Using externally obtained data
Using externally obtained data: the replay actuator¶
The replay actuator allows you to leverage results that were obtained via experiments outside of ado
, and are contained in external sources like CSV files. We can't repeat these experiments, or add new data using them, in ado
as no actuator exits to do so. However, you still might want to define measurement spaces with them so entities that have the relevant data can be sampled and the data used, perhaps in a custom objective function.
The talking a random walk tutorial uses external data and the replay actuator.

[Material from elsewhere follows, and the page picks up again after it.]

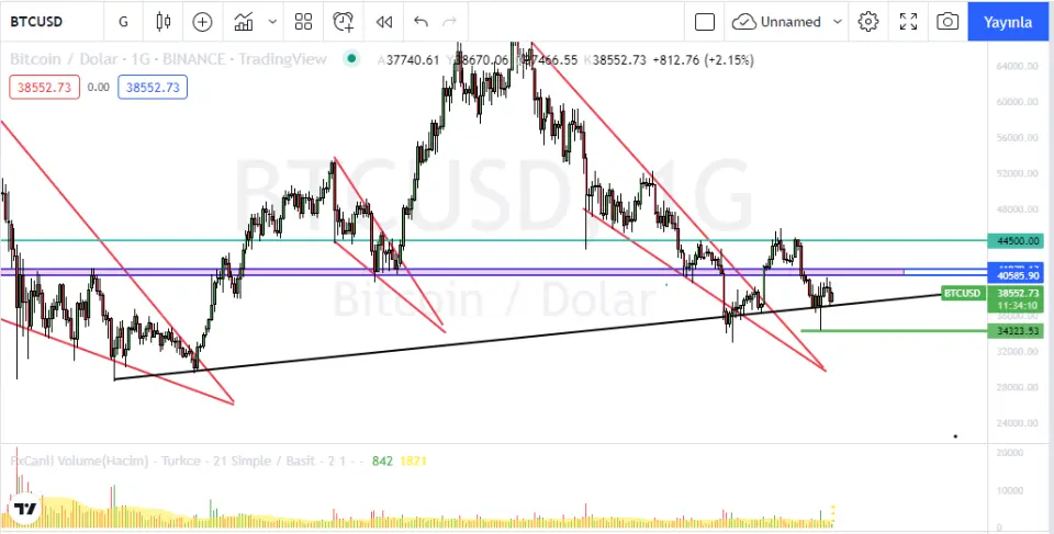 Bitcoin trend üstünde tutunmaya devam ediyor. 37300 altında günlük kapanışlarda 34300 test edebilir. 40500-41300 sıralı dirençler. Görüntü zayıf. 41300 üstünde günlük kapanışlarda boğalar hareketlenebilir. Önemli seviye 44500.#BTC #BTCUSD
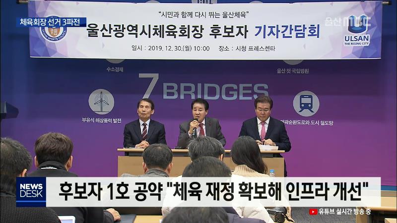 ◀ANC▶ 울산체육회장 선거에 출마한 후보자들이 오늘(12/30) 정책설명회를 열었습니다. 울산시 보조금에 의존하지 않고 자체 예산을 마련해 열악한 지역 체육 인프라를 개선하겠다고 한목소리를 냈습니다. 최지호 기자. ◀END▶ ◀VCR▶ 다음 달 7일 실시되는 울산의 첫 민간체육회장 선거는 3파전으로 치러집니다. 지...

Importing data from a CSV¶
Often external data is stored in a CSV or table where each row contains measurement results for some entity. One set of columns defines the entity (the thing being measured) and another set of columns the results of one or more experiments on the entity.
To use this data with ado
the first step is to copy it into a samplestore
at creation time. When copying this data into the samplestore
the columns containing measured values (observed properties) and which columns containing constitutive properties are defined. With this information ado
can create entities for each row. The following example is from talking a random walk:
# Copyright (c) IBM Corporation
# SPDX-License-Identifier: MIT
metadata:
name: "ml_multi_cloud"
description: "samplestore initialised with ml_multi_cloud data"
specification:
module:
moduleName: orchestrator.core.samplestore.sql
moduleClass: SQLSampleStore
copyFrom:
- module:
moduleClass: CSVSampleStore
moduleName: orchestrator.core.samplestore.csv
storageLocation:
path: 'examples/ml-multi-cloud/ml_export.csv'
parameters:
generatorIdentifier: 'multi-cloud-ml'
identifierColumn: 'config'
constitutivePropertyColumns:
- cpu_family
- vcpu_size
- nodes
- provider
experiments:
- experimentIdentifier: 'benchmark_performance'
propertyMap:
wallClockRuntime: 'wallClockRuntime'
status: 'status'
The copyFrom
section is where the external sources data should be copied into the samplestore
are defined. There can be multiple but here there is just one.
The relevant fields are:
module
: These are the values you set to indicate the data is in a CSV filestorageLocation
: This is the path the CSV fileparameters.identifierColumn
: This is the column in the CSV, if any, to use as the identifier of the created entities.parameters.constitutivePropertyColumns
: This is a list of the columns in the CSV file that define the constitutive properties of the entitiesexperiments
: This section defines the experiments that were used to generate the data in the CSV fileexperiments.experimentIdentifier
: This is the name for the experiment in adoexperiments.propertyMap
: This is a dictionary mapping the names of the properties experiment as they will appear inado
to column names in the CSV
The above YAML says to associate the data in the columns wallClockRuntime
and status
with an experiment 'benchmark_performance' that measures properties with the same name.
The propertyMap
field allows you to handle column headers had names that are not suitable for names of properties. For example if there was a column with measurements on a molecule called Real_pKa (-0.83, 10.58)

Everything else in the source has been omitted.